Now Praat integration has been set up, and you should be able to access Praat options in the transcript page from now on…
- Click on a line that has been aligned, and select the Open Text Grid in Praat option on the menu.
You may be asked you if want to allow access to the “LaBB-CAT Integration Applet” - if so, tick “Do not show this again”, and click Allow.
Praat should open, and show you a spectrogram of the line’s audio, with a TextGrid below that includes the words and the segments. - If you click on a word, and hit the tabtab key, the word’s interval is played. Try out various words, and see what you think about how accurate HTK has been with its alignment.
Try this out with different lines in the transcript.
You will see that in some cases the alignment is pretty good, and in other cases, it’s not so good. In the not-so-good cases, see if you can figure out why HTK got it wrong.
You may have noticed that, each time you open an utterance in Praat, a button appears in the transcript to the left of the line, labelled Import Changes.
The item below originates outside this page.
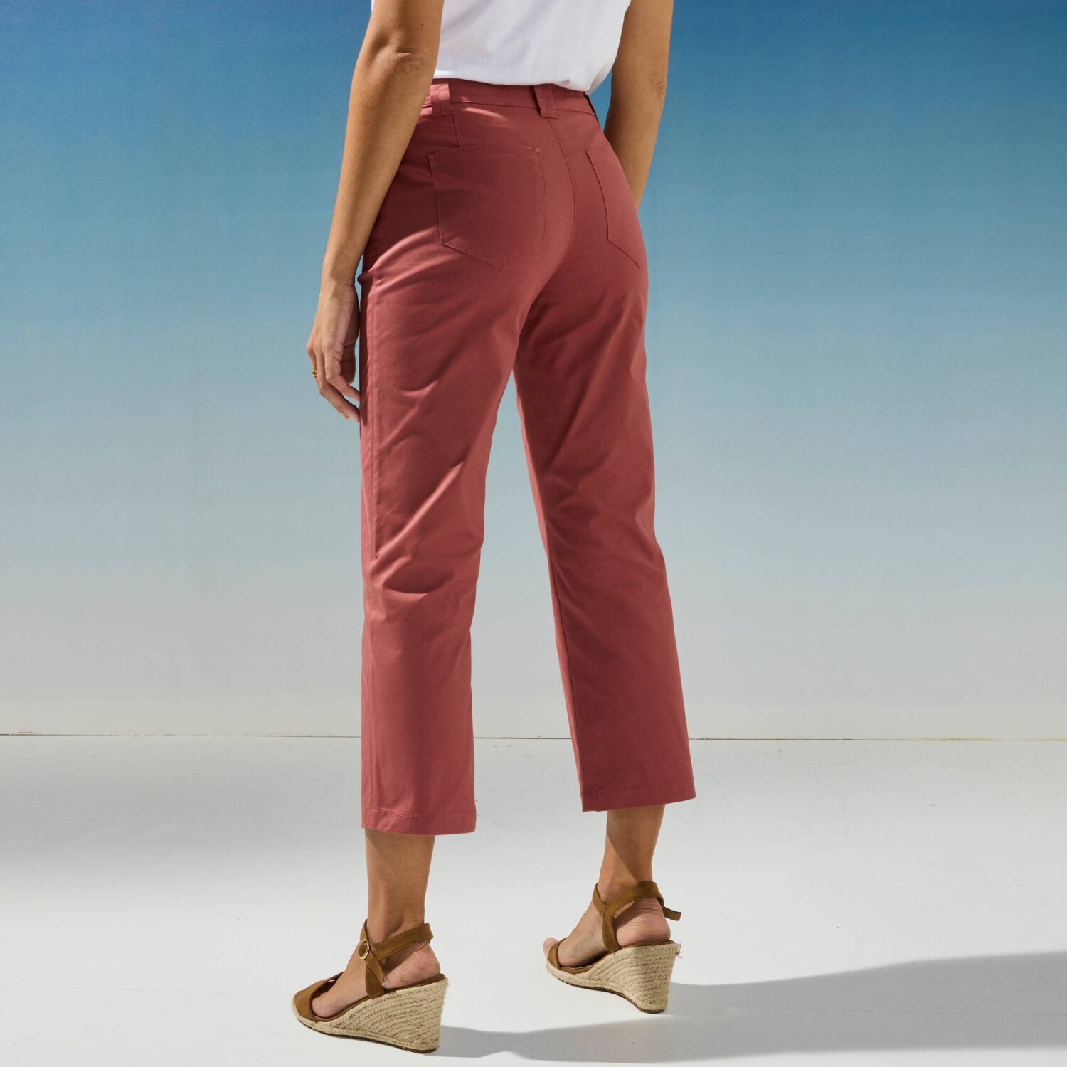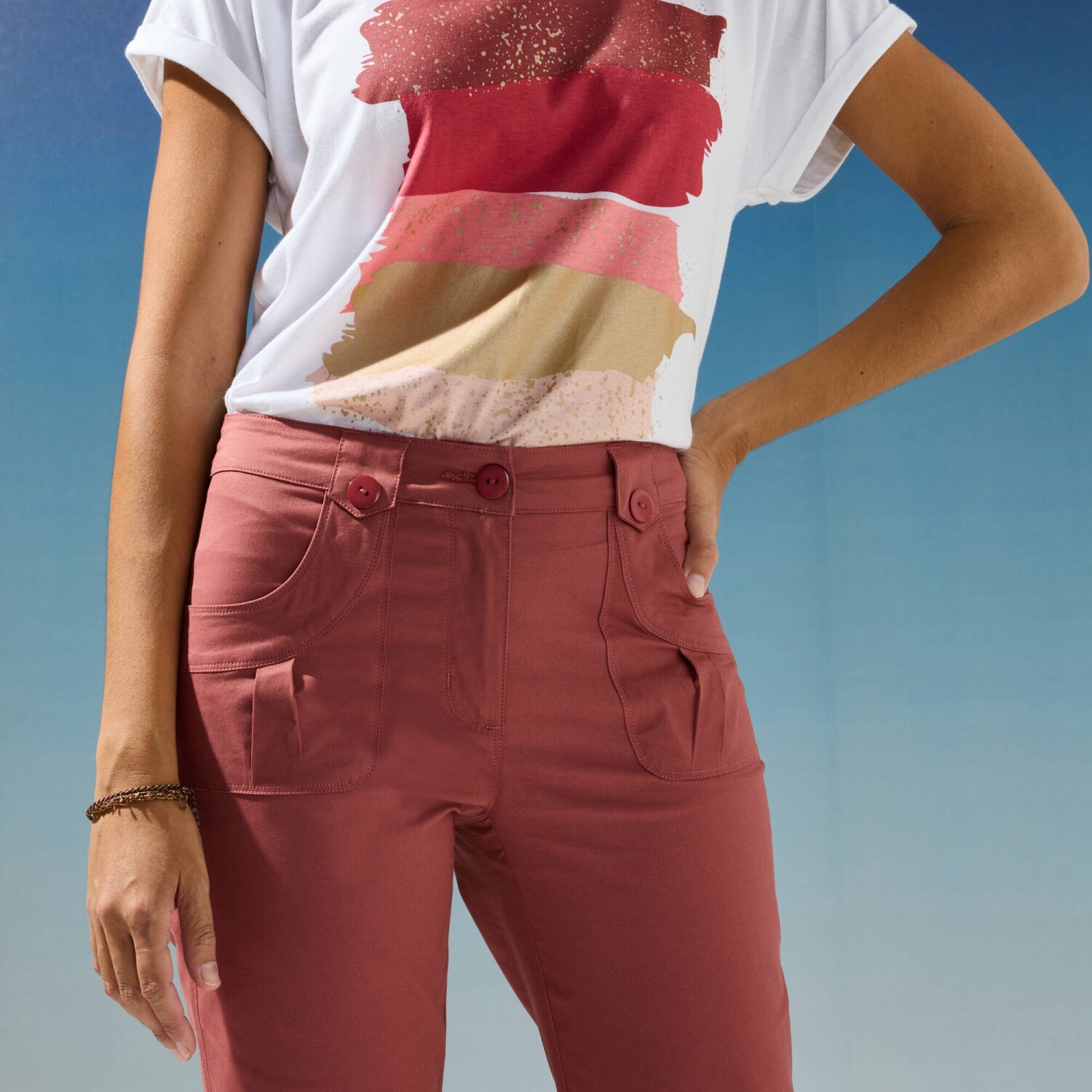 7/8 široké nohavice vynikajú madeirovou výšivkou a stavajú na štýlový boho vzhľad. Z ľahučkej bavlny ideálnej na leto. 7/8 dĺžka. Rovný široký strih. Vysoký pás. Vpredu tvarovaný pás, vzadu pružný. 2 klinové vrecká. Na koncoch nohavíc madeira. Možno prať v práčke.

This button allows you to save any adjustments you might want to make to the alignments back into the LaBB-CAT database.
- If you feel confident using Praat, open an utterance TextGrid, adjust the alignments of the words an phones so that they’re more accurate, and then click the Import Changes button in the transcript.
These changes are flagged as manual edits, so if forced-alignment is run again, they will not be over-written with new bad alignments. Therefore it’s important that the changes you make are actually improvements, because HTK will never change them again.
There are some rules about what you can change:
- You’re not allowed to add or delete words (if this is necessary, it should be done by correcting the transcript instead).
- All the phones must be within the bounds of their own word.
- The start of the first phone should line up with the start of the word, and the end of the last phone should line up with the end of the word.
- You should not change the alignment of the utterance itself (which would only be possible if you select the Open Text Grid incl. ± 1 utterance in Praat option).
In this exercise, you have seen how MFA can be used to compute word and phone alignments automatically from your data, and when using a pronunciation dictionary and pre-trained acoustic models, the process is very straightforward.
Such dictionaries/models are only available for a limited number of languages, but if you have a pronunciation dictionary for the language your corpus uses, MFA can also be used to train its own acoustic models from your corpus, and then use them for forced alignment. This process involves a fair amount of careful transcription, tagging, and dictionary filling.
Perfect automatic alignments are not guaranteed, but LaBB-CAT has a mechanism for manually correcting poor alignments.